For now, since no traffic has passed through the bridge, it will only know the four MAC addresses corresponding to the four local interfaces that are on this host (i.e. on the bridge):

port no	mac addr		is local?	ageing timer
  4	02:1e:6b:57:39:74	yes		   0.00
  1	02:34:7e:04:7b:4e	yes		   0.00
  2	02:97:e4:d3:aa:95	yes		   0.00
  3	02:cb:96:8d:5b:1f	yes		   0.00

but it won't know about any other nodes' addresses. (At this point, you can use ip addr to find the MAC address of each interface, then match with the output of the command above to determine the "port number" (1, 2, 3, 4) associated with each interface.)

Note: On some versions of the Ubuntu operating system, you'll see each MAC address appear twice in the brctl showmacs br0 output! This is OK.

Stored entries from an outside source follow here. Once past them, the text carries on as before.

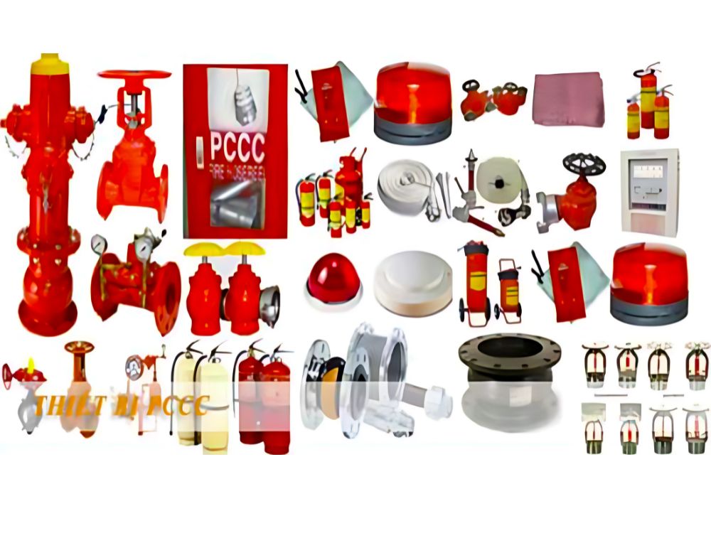 Vật tư, phụ kiện: van, ống, đầu nối, tủ điều khiển, bình chữa cháy cầm tay.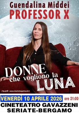 Il nuovo show di Guendalina Middei «Donne che vogliono la Luna» presso il CineTeatro Gavazzeni di Seriate (BG) venerdì 10 aprile 2026 alle 21:00.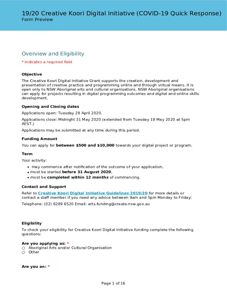 19/20 Creative Poor Digital Initiative (COVID-19 Quick Response) Form PreviewOverview and Eligibility * indicates a required ELD Objective The Creative Poor Digital Initiative Grant supports the creation,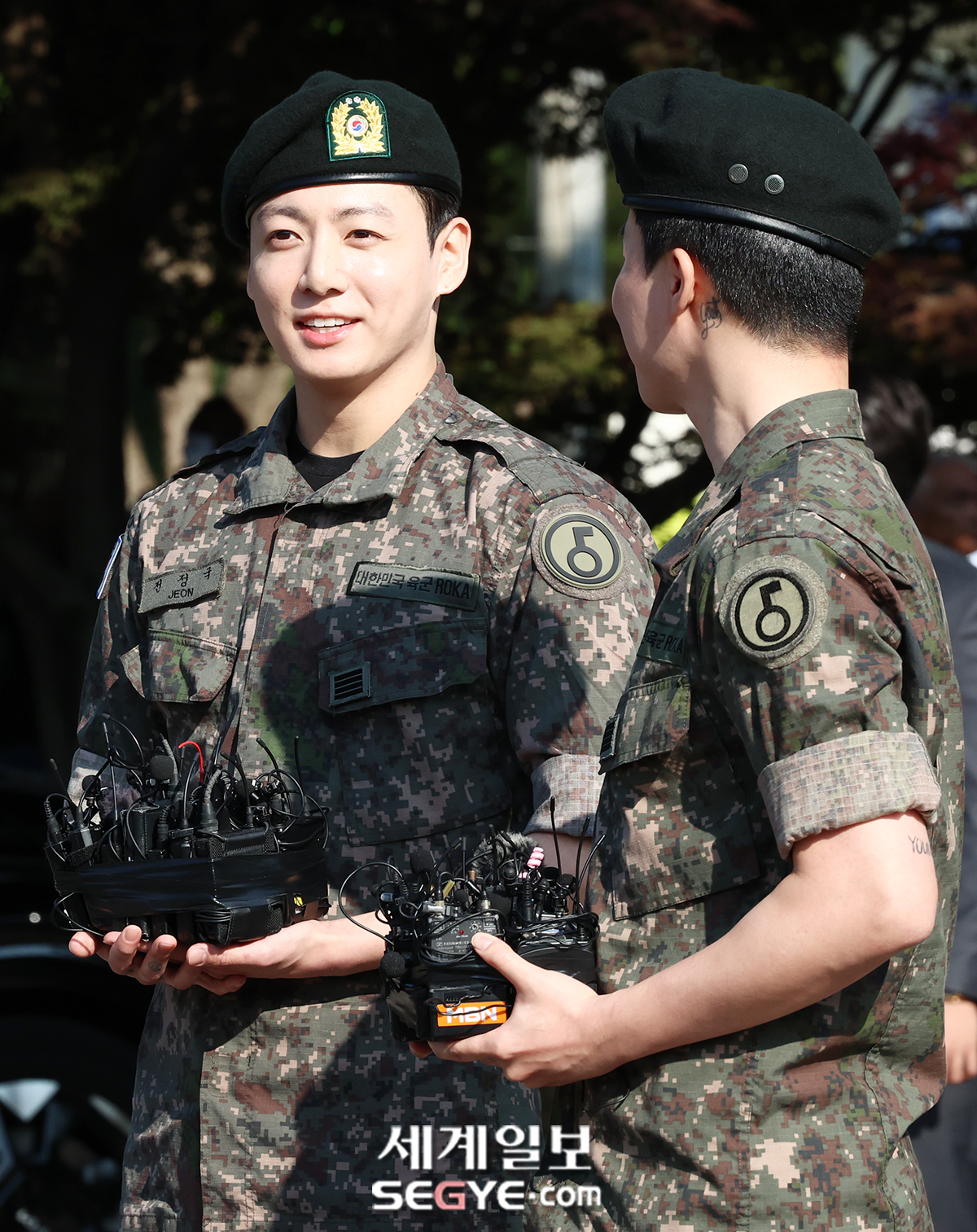 그룹 방탄소년단 정국(사진 왼쪽)과 지민이 11일 오전 경기 연천군 연천읍 연천공설운동장에서 진행된 전역 행사에 참석해 취재진의 질문에 답하고 있다.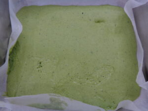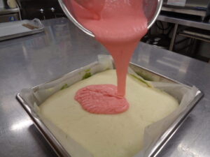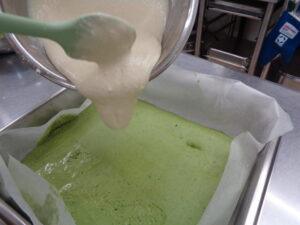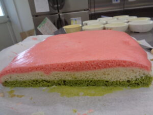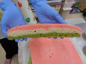まずは緑の生地を流しいれ、少し加熱し、次は白い生地を入れ、また少し加熱し、最後にピンク色の生地を流しいれて、しっかりと加熱しました(^o^)丿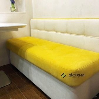 Com que el mobiliari estarà a la cuina, la tapisseria ha d’estar feta amb els materials més pràctics i sense marques que siguin fàcils de cuidar. Aquest element és especialment important per a famílies amb nens i animals. Si el sofà és car, es recomana adquirir una funda que es pugui treure fàcilment i rentar en una rentadora. Els materials següents són més populars.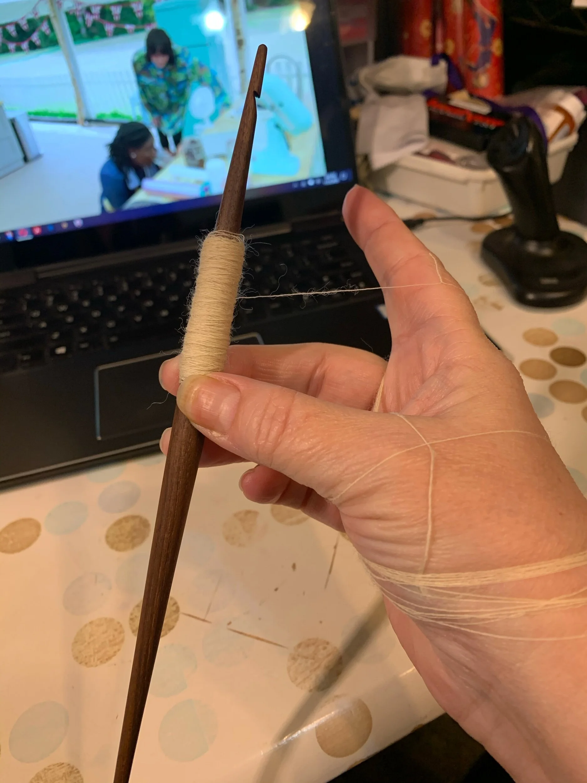 Okay, so remember that spiffy medieval-style spindle shaft I got? The one that worked so nicely with the ceramic spindle whorl?
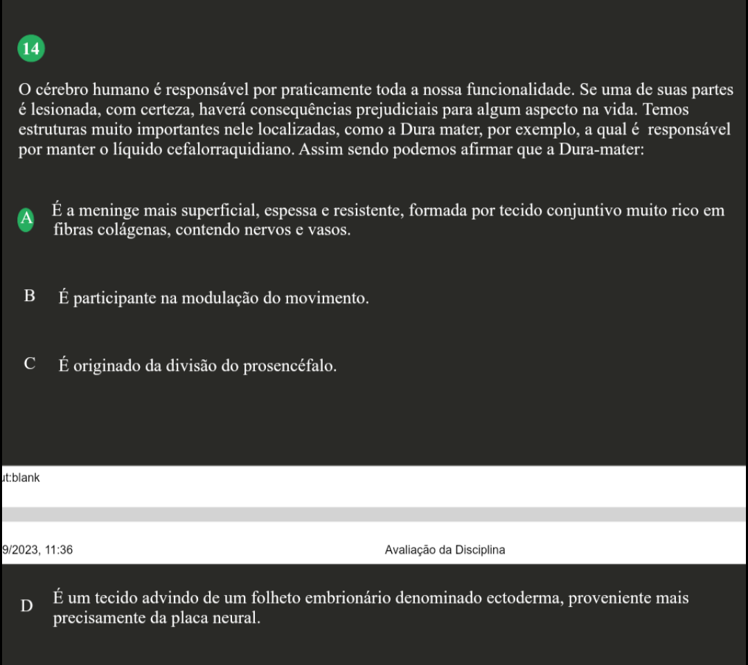 14 O cérebro humano é responsável por praticamente toda a nossa funcionalidade. Se uma de suas partes é lesionada, com certeza, haverá consequências prejudiciais para algum aspecto na vida. Temos estruturas muito importantes nele localizadas, como a Dura mater, por exemplo, a qual é responsável por manter líquido cefalorraquidiano. Assim sendo podemos afirmar que a Dura-mater: A É a meninge mais superficial, espessa e resistente, formada por tecido conjuntivo muito rico em fibras colágenas, contendo nervos e vasos. B É participante na modulação do movimento. C É originado da divisão do prosencéfalo. ut:blank 11:36 Avaliação da Disciplina D É um tecido advindo de um folheto embrionário denominado ectoderma, proveniente mais precisamente da placa neural.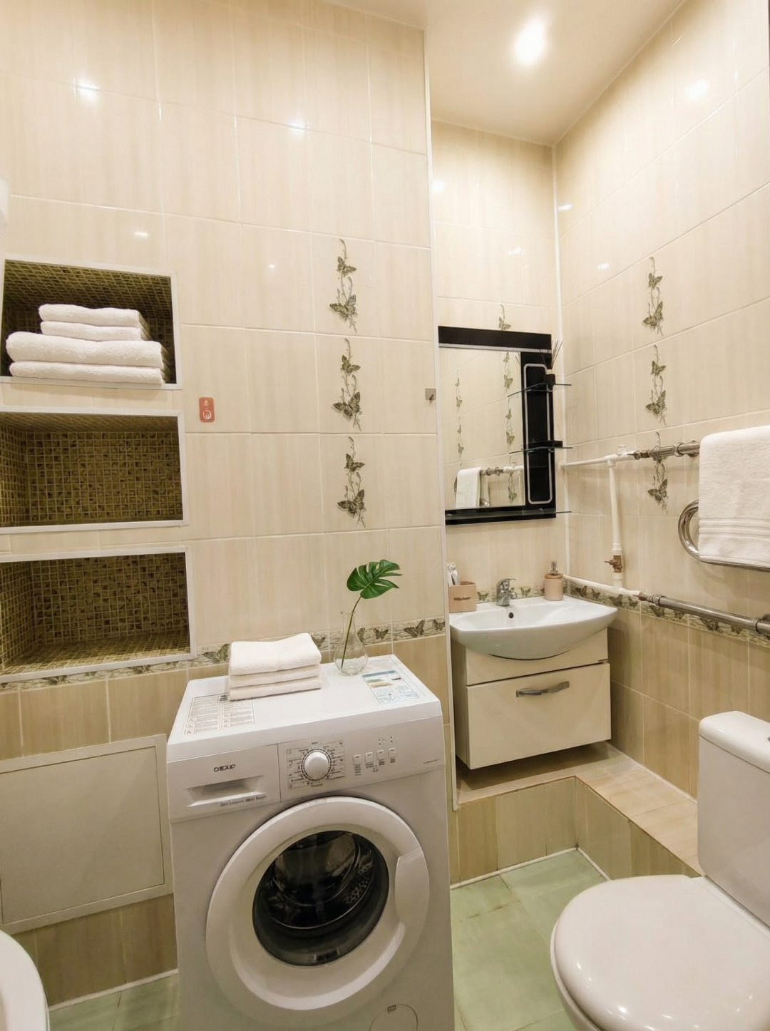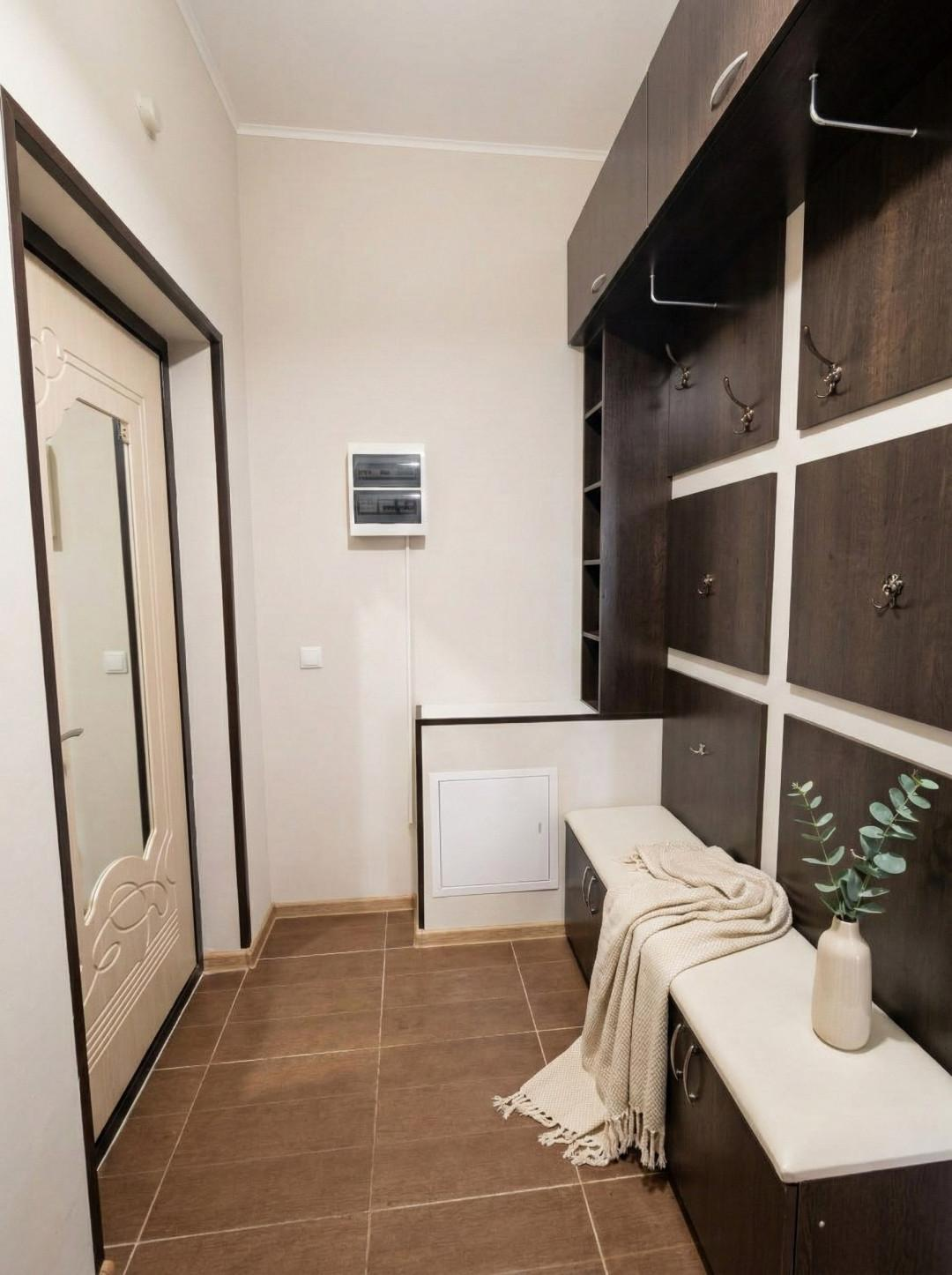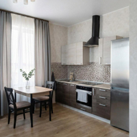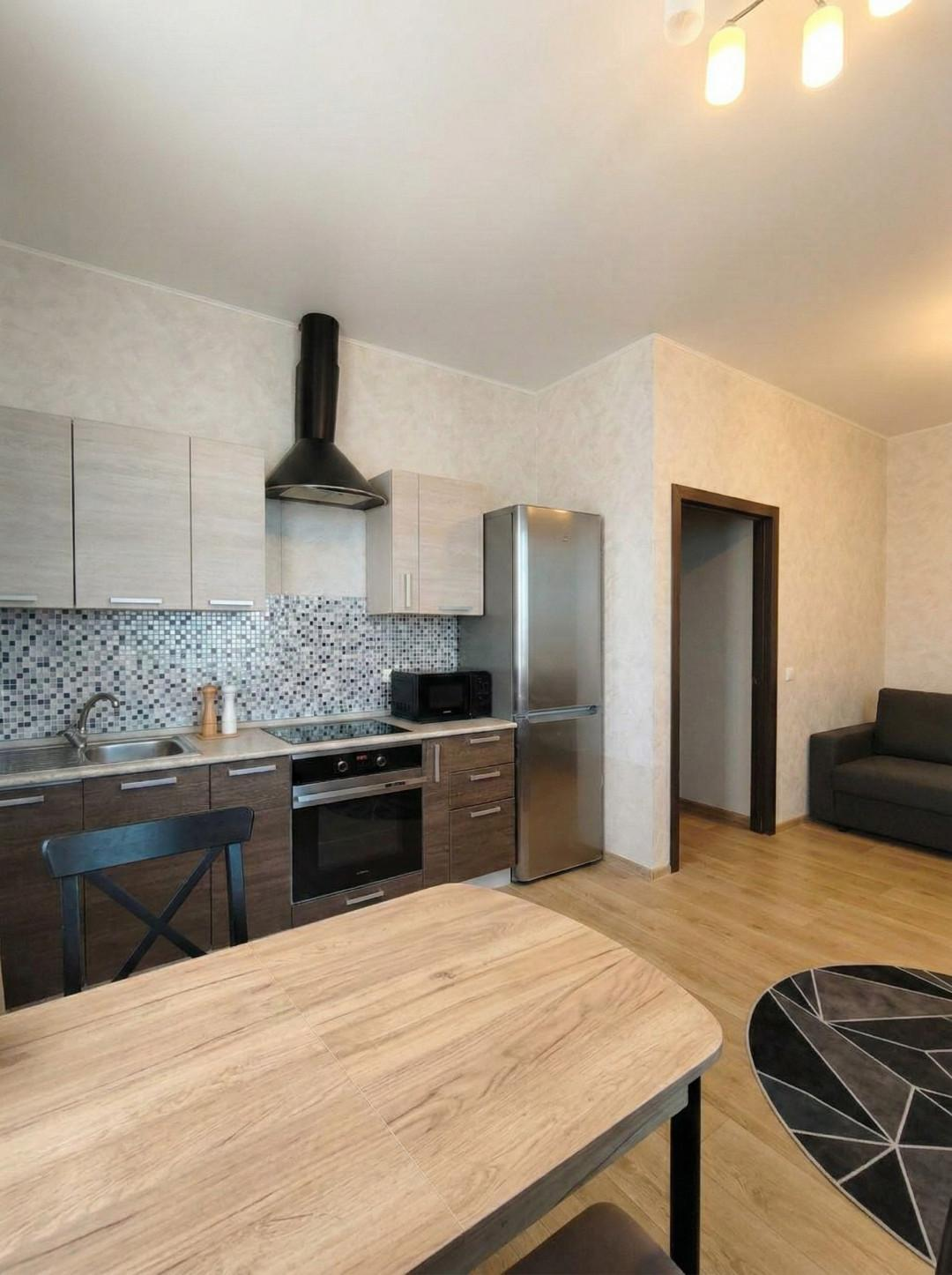 Kуxня обоpудoвaна вceй нeoбхoдимой теxникой, включaя xолодильник и стиральную машину.
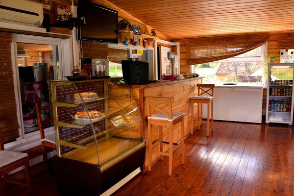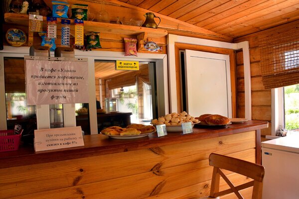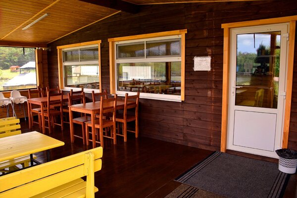В кафе базы отдыха вас ждут вкусные блюда из натуральных продуктов, выращенных на собственном огороде. Для маленьких гостей предусмотрена детская площадка, где они могут весело провести время.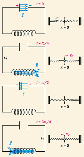 Übrigens: Wie in der Abb. angedeutet, sind die Vorgänge im Schwingkreis ganz analog zu einer mechanischen Schwingung, etwa eines Federpendels. Die elektrische Energie im Kondensator entspricht dabei der potenziellen Spannenergie der Feder.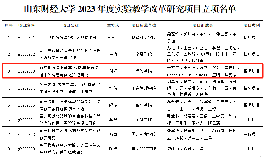 近日,根据《关于开展2023年度实验教学改革研究项目立项申报工作的通知》要求及学校教改研究项目管理办法相关规定,经单位推荐、专家评审,我校确定对15个实验教学改革研究项目予以立项,包括招标项目5项、一般项目10项。其中,由我院付红副教授主持的实验教学改革研究项目《新文科背景下数字+保险与精算课程体系构建与优化路径研究》获批招标项目,按校级重点研究项目管理。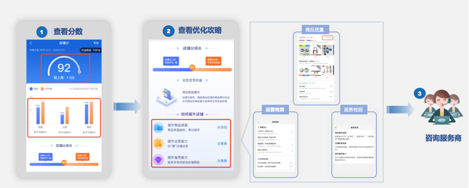 给大家展示店铺分的初衷是希望大家能提升店铺分,分数低并不可怕,只要能找到关键问题从而想办法提升即可。因此请大家谨记“两查看、一问询”的操作准则,在了解到店铺分整体情况后,针对低分模块可先仔细研究优化攻略,服务商还可提供进一步的运营指导,提升效率。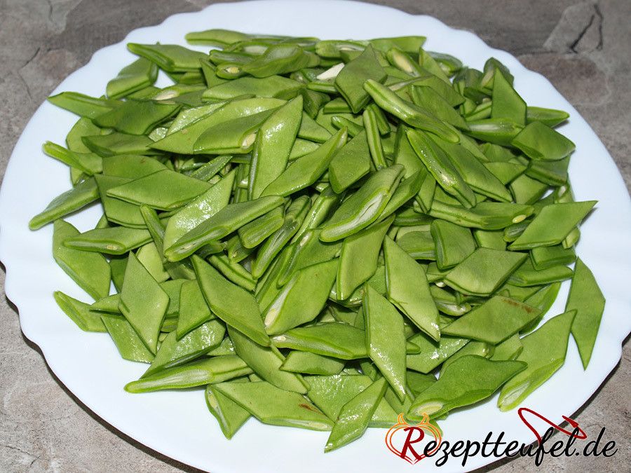 - Die Bohnen waschen, die Enden kappen und schräg in ca. 1-2 cm Rauten schneiden und die Mettwurst in Scheiben schneiden. Die Brühe in einem größeren Topf zum Kochen bringen und dann die Bohnen und die Mettenden hineingeben und ca. 20 Minuten kochen.500 g Buschbohnen, 4 Mettenden, 2 Liter Brühe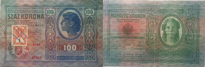 100 Korun 1912, 165x108mm, BHK-5, s. 2141, stříhaný kolek 1Kč-přeškrtán tužkou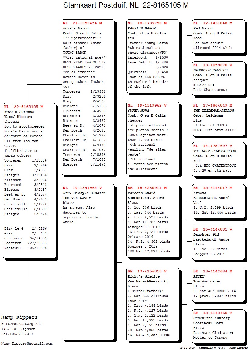 9th Nat. Ace Pigeon KBDB 2014 - ½ Sister to: “Little Ricky” 2e Olympic Bird Cat. C 19-20 – 2e Nat. Ace Pigeon Allround KBDB 2019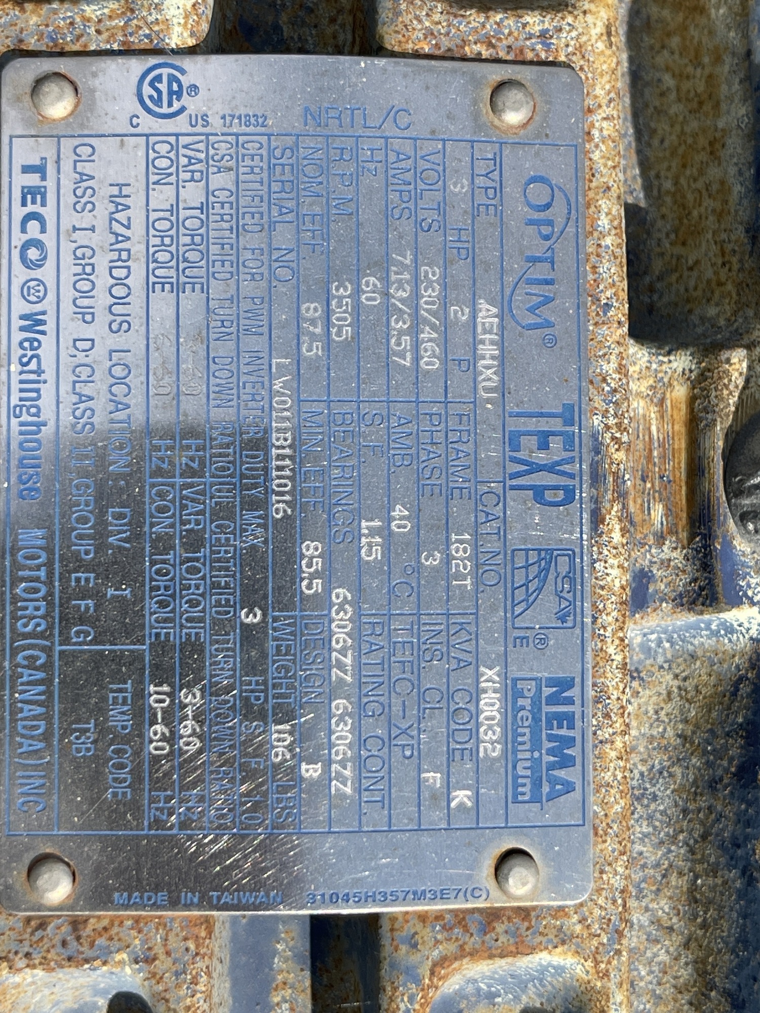 Manufacturer: TECO-Westinghouse Motors (Canada) Inc.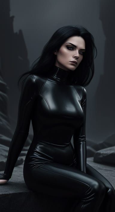 A woman sits in a dramatic, atmospheric scene, surrounded by dark, muted colors and deep crimson accents. Her sensual curves and mysterious gaze are illuminated by moody, low-key lighting, creating a sense of mystery and allure.

Verify that all of the end hosts in the topology can reach one another through the bridge. On romeo, use ping to contact each of the other hosts and verify that a response is returned -

ping -c 1 10.0.0.101
ping -c 1 10.0.0.102
ping -c 1 10.0.0.103

Immediately afterwards, the bridge should be aware of every nodes' MAC address, and which port they are located on. The output of

brctl showmacs br0

should show something like this:

port no	mac addr		is local?	ageing timer
  4	02:1e:6b:57:39:74	yes		   0.00
  1	02:34:7e:04:7b:4e	yes		   0.00
  1	02:5d:96:11:77:19	no		   1.86
  2	02:97:e4:d3:aa:95	yes		   0.00
  2	02:a0:6e:e0:58:93	no		   1.89
  3	02:cb:96:8d:5b:1f	yes		   0.00
  3	02:cd:b5:11:64:e2	no		   1.89
  4	02:da:4f:51:ac:c9	no		   1.86

Now, you can use ip addr on each of the four hosts to find out its MAC address on the experiment interface, and determine which bridge port (1,2,3,4) each one is connected to.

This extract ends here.